Still, how PAD affected my mind is undeniable. Instead of reading blogs related to psychiatry and mental health, I was reading blogs and watching YouTube channels related to PAD. I stopped even thinking about my blog, and every time I had a spare moment, I would open the PAD app instead of taking in my surroundings or reading a book. In fact, I read far fewer books in 2016 and 2017 compared to any other year in my life since I learned to read, though part of that may be due to reading more on the web. It wasn’t all bad, though. I wasted far less time on Twitter, and I was no longer waking up in the middle of the night with ideas for blog posts. I had a convenient and pleasant distraction from politics. And I’ve spent much less mental energy these last 2 years obsessing about my fantasy football teams than I have in previous years.
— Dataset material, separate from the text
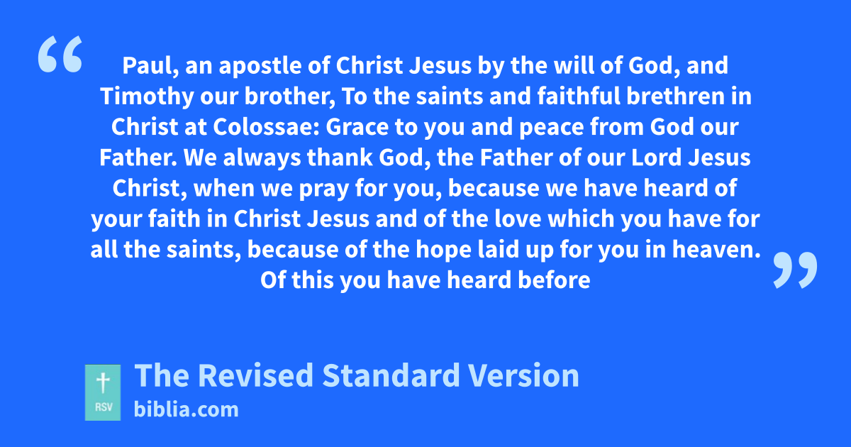 3 We always thank God, the Father of our Lord Jesus Christ, when we pray for you, 4 because we have heard of your faith in Christ Jesus and of the love which you have for all the saints, 5 because of the hope laid up for you in heaven. Of this you have heard before in the word of the truth, the gospel 6 which has come to you, as indeed in the whole world it is bearing fruit and growing—so among yourselves, from the day you heard and understood the grace of God in truth, 7 as you learned it from Epaphras our beloved fellow servant. He is a faithful minister of Christ on our behalf 8 and has made known to us your love in the Spirit.
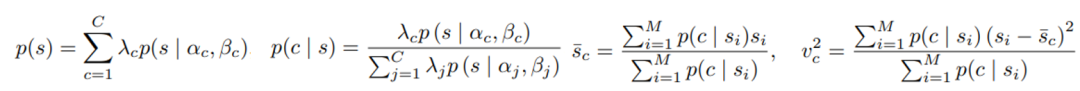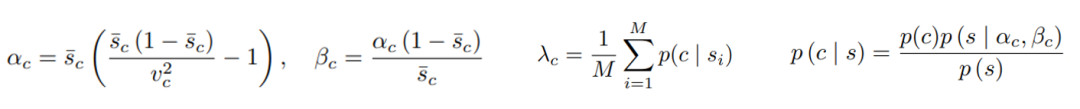 上述分析表明相似度不能做为衡量图对比学习中负样本难易程度的指标,因此作者想在衡量图对比学习中负样本难易程度时考虑负样本为真负样本的概率。作者利用混合分布来估计该概率,但是常用的高斯混合只能拟合对称的分布,因此,作者利用了更加灵活的Beta混合分布,然后利用EM算法估计负样本为真的概率。EM算法估计Beta混合分布的参数的步骤如下:

So what finally made me stop? A part of it was the fact that PAD’s creators are constantly adding more difficult dungeons, which in turn require ever more powerful (and rare) monster cards to deal with. Playing the game started to feel increasingly like a Sisyphean task. I’d also like to think that a part of me missed blogging and reading books. Recently, I came across the philosophically-oriented Slate Star Codex blog, written by a young psychiatrist, and I thought, “If he can write several 2000 to 5000-word blog posts in a week, then why can’t I be even 3% as productive (i.e. roughly a 1000-word post per month)?”

Lastly, some advice for parents out there: as fun as Super Mario Bros was for us in our youth, it does not remotely compare to the reinforcement mechanisms that today’s microtransaction-driven mobile games employ. I’ve heard multiple stories from parents about their kids stealing their credit cards to spend hundred of dollars on in-app purchases for games like Clash of Clans and Clash Royale. I now believe that parents should not be letting their kids play games like these, which all tend to use similar attention and money-grabbing tactics. As a general rule, this applies to any of the mobile games that you see advertised on TV; how else would those game companies have so much money to spend on prime time ad spots? Recently, regulators in The Netherlands have started investigating whether games that have “loot boxes” (a similar idea to the Rare Egg Machine) are a form of gambling and should be regulated as such. In my mind there is no doubt that these games can work very similarly to gambling, except you can’t actually win any money, so it’s in a way worse than gambling.

Even if there are kids who can responsibly play these games without spending too much time or money, I would still strongly suspect that these games have an outsized influence on what their players think about—and stop thinking about—even when they’re not playing. And for me, that was ultimately the biggest negative impact.